Critics weren't kind even setting the borrowing aside. The relief — how far the design rises off the coin's surface — is very shallow, so the figures read as flat. Art historian Cornelius Vermeule dismissed the allegory as figures that "seem like mounted cut-outs," and Bowers noted that even freshly struck examples had an "insipid" look.

Key facts

Year struck
1923
Mint
San Francisco (mint mark S, under the date)
Designer
Chester Beach (concept with James Earle Fraser)
Obverse
Busts of James Monroe and John Quincy Adams
Reverse
Two female figures forming the Western Hemisphere
Authorized
Up to 300,000 (Act of January 24, 1923)
Mintage struck
274,077
Sold at premium
About 27,000 at $1 each; the rest went into circulation
Composition
90% silver, 10% copper
Weight
12.5 g (0.36169 troy oz silver)
Diameter
30.6 mm
Edge
Reeded

Collecting it

Here's the twist that shapes the whole market for this coin. The exposition was a flop. People didn't line up to buy half dollars at a dollar apiece, and only roughly 27,000 of the 274,077 struck actually sold at that premium. The rest — about nine-tenths of the mintage — were quietly released into ordinary circulation by October 1923.

That single fact explains almost everything a collector needs to know. A commemorative that's supposed to be saved instead spent years rattling around in pockets and tills. So while the mintage sounds modest, surviving coins are mostly worn, and worn examples are common and inexpensive. There's only the one issue — 1923-S — so there are no rare date varieties to chase.

The scarcity flips entirely at the top of the grading scale. Because so few were set aside untouched, a coin that survived in pristine, fully lustrous condition — high "mint state" — is genuinely hard to find, and the shallow relief means crisp, well-struck pieces are scarcer still. The gap is dramatic: a low-end uncirculated example trades for modest money, while a top-population gem is a different animal. A superb MS-67 specimen brought $29,900 at auction in 2009. For this coin, condition isn't one factor among many — it's the whole game.

Questions collectors ask

Why was a coin made for the Monroe Doctrine?

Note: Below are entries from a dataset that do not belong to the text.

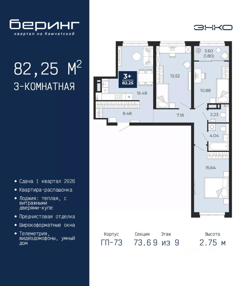 продам 3-к, Камчатская, 107 корп. 19 830 750 ₽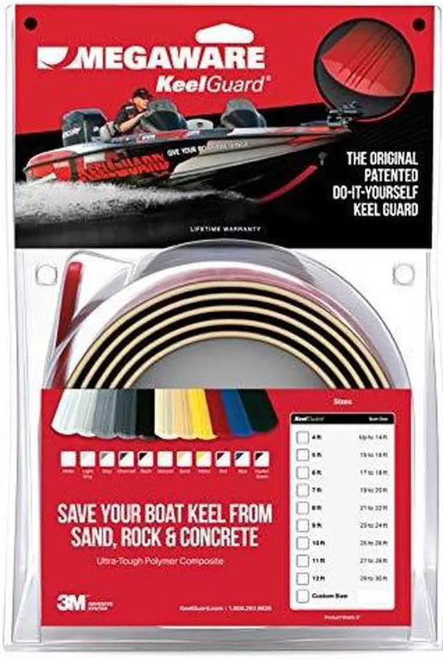 A pressure-sensitive adhesive creates strength, while permanently bonding and sealing Megaware KeelGuards contoured edges to the hull surface. Angled grooves produce hydrodynamic channels, creating air pockets and providing a slicker surface. The perfect combination of these factors makes the Megaware KeelGuard the easiest keel protector to install, and gives it unparalleled quality and dependability. Megaware KeelGuard Colors SizesMegaware KeelGuard comes in 11 great looking colors to match virtually any boat. All colors are UV-stabilized for true color that lasts a lifetime. Megaware KeelGuard is available in nine standard lengths or can be ordered in custom lengths.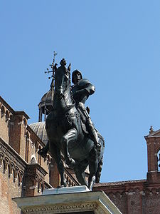 Sin duda el escultor más afamado del siglo XV fue Donatello. Sus dos obras más famosas fueron el David y la estatua ecuestre del condottiero Gattamelata. Andrea del Verrocchio intentó emular a su maestro haciendo una reinterpretación de ambas obras. En 1479 fue llamado a Venecia para realizar el monumento ecuestre de Colleoni. Tras su muerte Alessandro Leopardo fue el encargado de fundir el caballo y de dar los últimos retoques a la obra.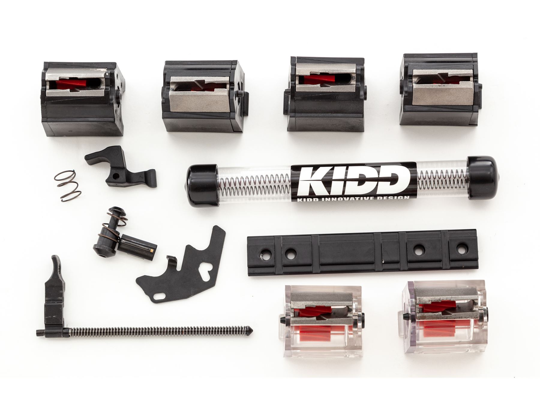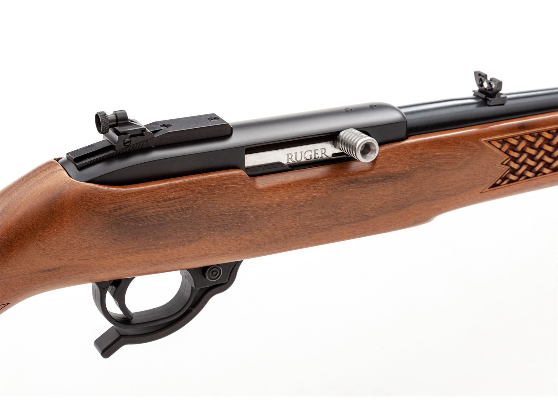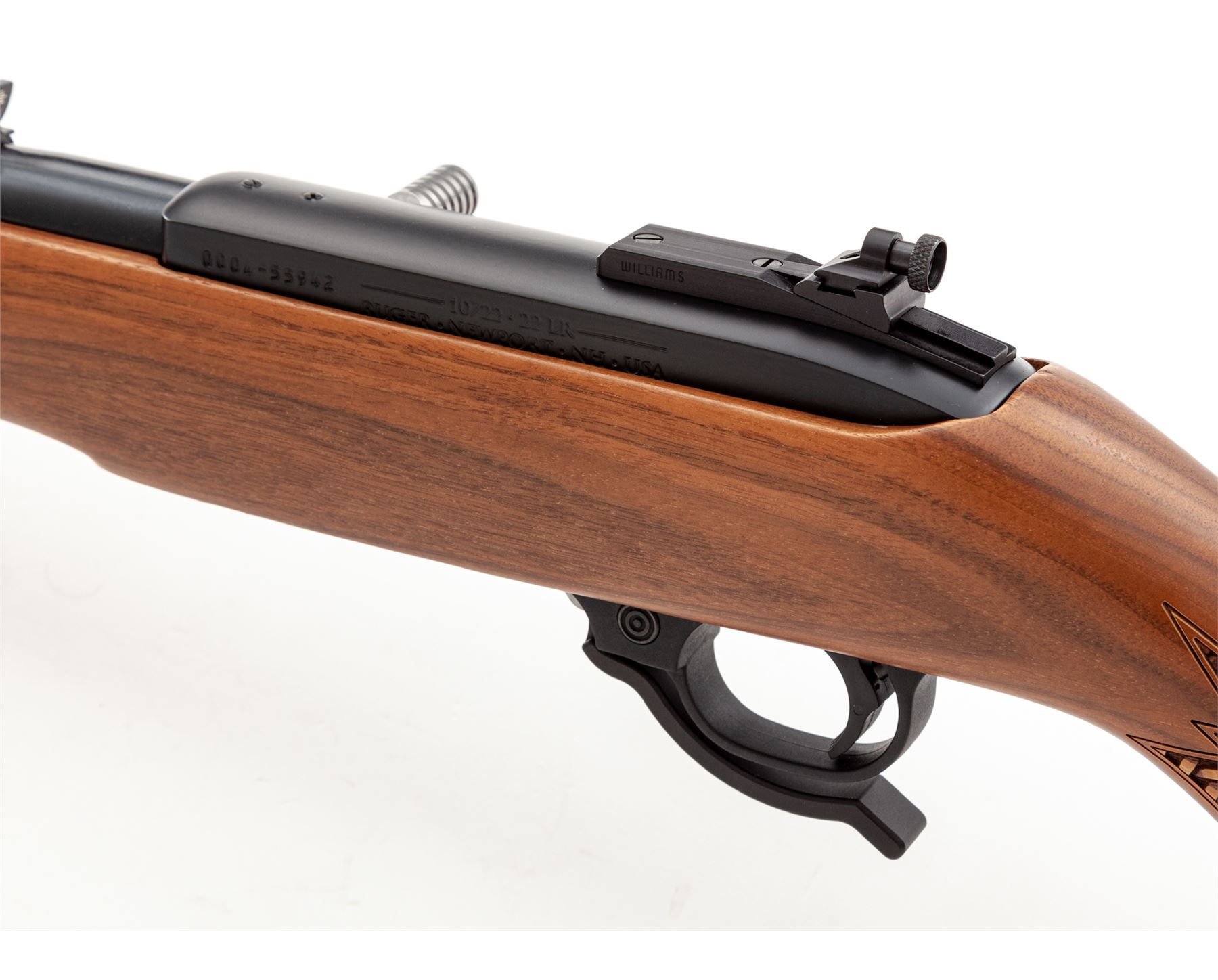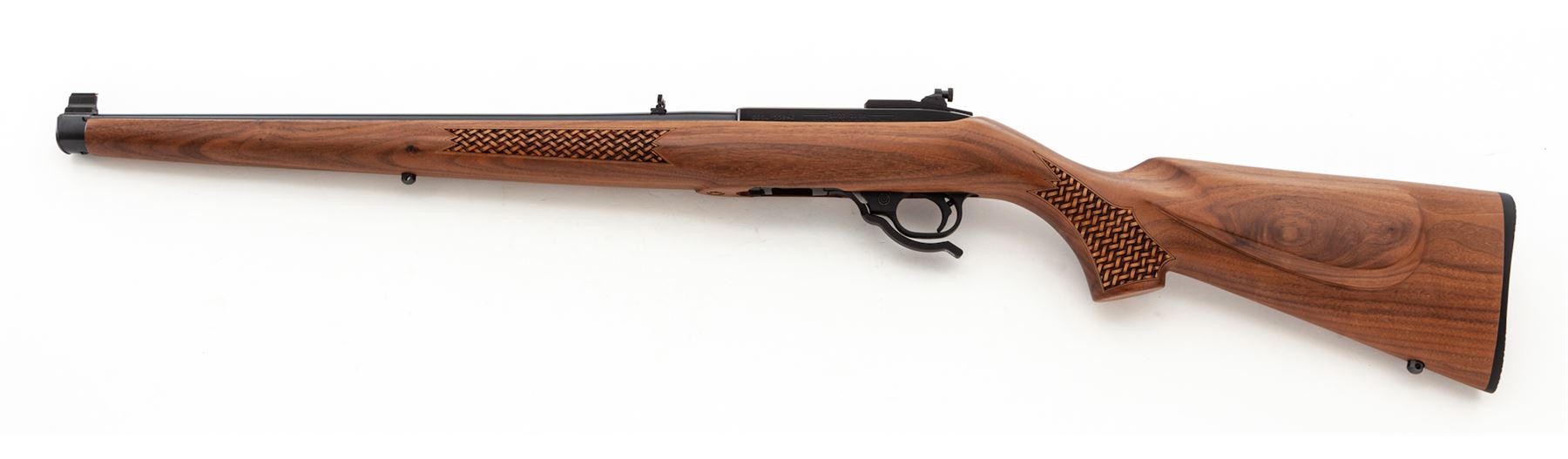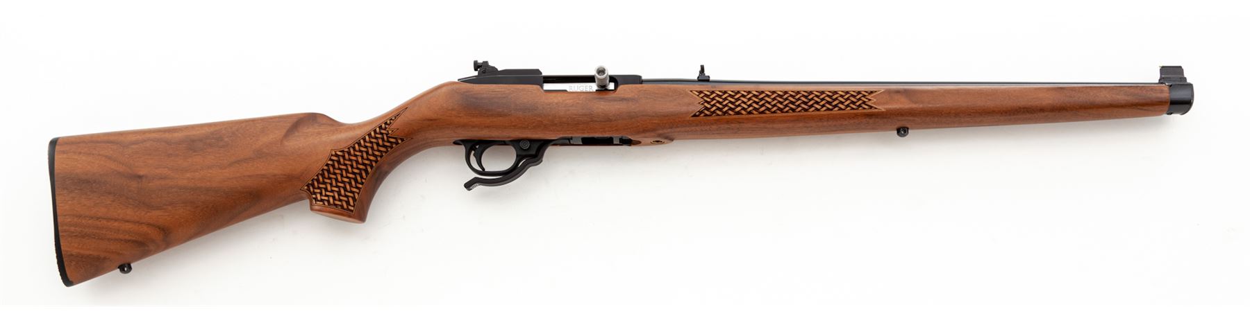 Upgraded Ruger 10/22 International Semi-Automatic Rifle, with seven (7) magazines, #0004-55942, .22 LR cal., 18.5'' barrel, blue finish, bright ''Ruger'' marked bolt, tall blade front sight with brass bead and standard folding rear sight, and receiver mounted Williams peep sight. One-piece pistol-grip Mannlicher walnut stock with fancy basketweave pattern checkering, oil finish, sling swivel studs, and black plastic Ruger buttplate. Upgrades include a Tactical Solutions magazine release; Kidd auto bolt release, bolt handle, and spring kit. Included are the original parts, five (5) black 10-round Ruger magazines, and two (2) clear 10-round Ruger magazines. Rifle is in excellent as new overall condition, appearing to have been fired very little. Est.: $400-$600. (Modern)
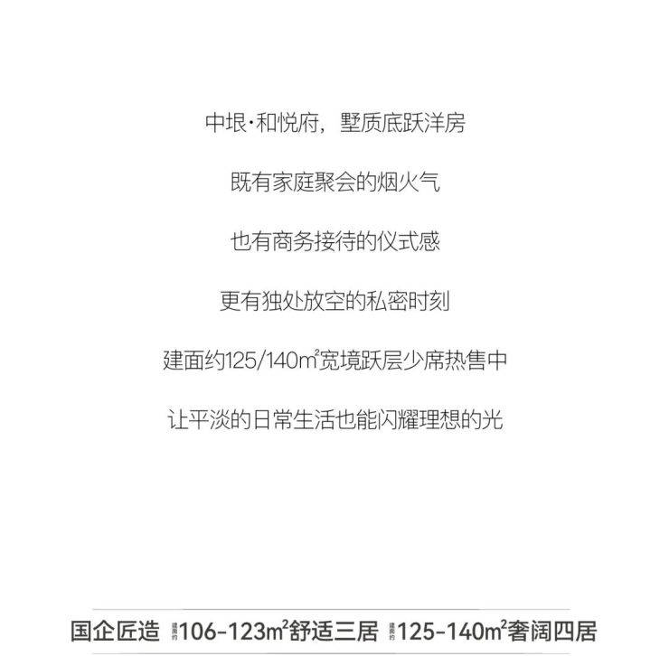 中垠·和悦府墅质底跃洋房,既有家庭聚会的烟火气,也有商务接待的仪式感,更有独处放空的私密时刻。建面约125/140㎡宽境跃层少席热售中,让平淡的日常生活也能闪耀理想的光。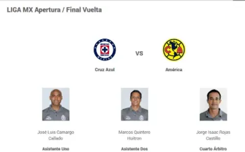 César Arturo Ramos fue el juez designado para el encuentro de vuelta de la Final entre Cruz Azul y América del domingo, según lo anunció el sitio oficial de la Femexfut. José Luis Camargo y Marcos Quintero Huitrón serán los asistentes, mientras que el cuarto árbitro será Jorge Isaac Rojas.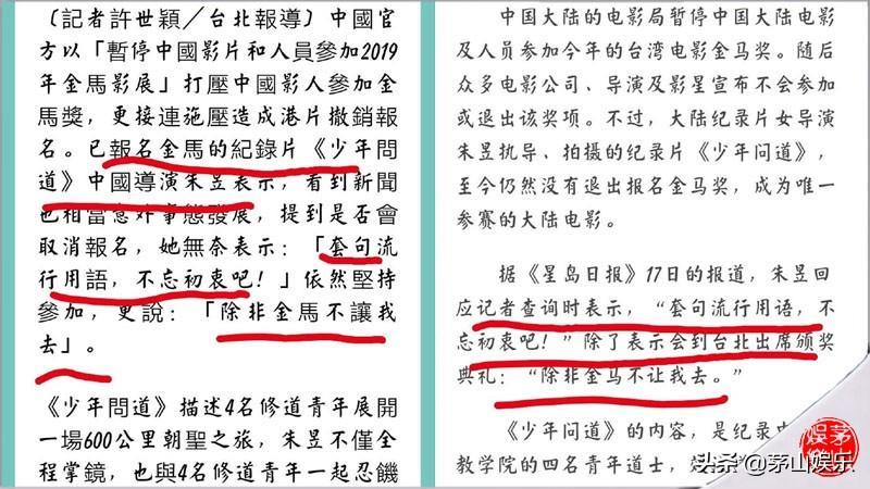 8月15日,多家台媒发通稿称,大陆纪录片女导演朱昱执导、拍摄的纪录片《少年问道》,至今仍然没有退出报名金马奖,成为唯一参赛的大陆电影。报道中还称朱昱对台媒记者表示:“套用流行用语,不忘初衷吧!”除了表示会到台北出席颁奖典礼:“除非金马不让我去。”此前还曾有内地媒体报道过朱昱曾公开发愿表示:“如《少年问道》幸运提名金马,她将率演员来台与台湾电影界及道教界进行交流,未来更希望来台拍摄相关题材。”

Officially, to mark the doctrine's 100th anniversary in 1923. In practice, the coin was a fundraiser and publicity vehicle for the American Historical Revue and Motion Picture Industry Exposition in Los Angeles — a campaign by Hollywood backers to repair the film industry's image after the scandals of the early 1920s.

Who is on the Monroe Doctrine half dollar?

The obverse shows the conjoined busts of James Monroe and John Quincy Adams. The reverse depicts two female figures arranged to form the outline of North and South America.

Why is the 1923 Monroe half dollar so common?

Only about 27,000 of the 274,077 struck actually sold at the $1 premium. The unsold remainder — roughly nine-tenths — was released into circulation, so most surviving coins are worn rather than preserved.

Is the Monroe Doctrine half dollar valuable?

In worn or low-end uncirculated grades it is inexpensive and easy to find. Value rises sharply only in the highest mint-state grades, which are scarce because so few were saved untouched. A gem MS-67 example sold for $29,900 in 2009.

Did the design copy an earlier artwork?

The reverse closely resembles Raphael Beck's seal for the 1901 Pan-American Exposition, which he had copyrighted in 1899. Beck complained to the Mint in 1923. The resemblance is well documented; the question of whether the design was knowingly borrowed remains disputed.

What mint struck the Monroe Doctrine half dollar?

All were struck at the San Francisco Mint in 1923 and carry an S mint mark below the date on the obverse.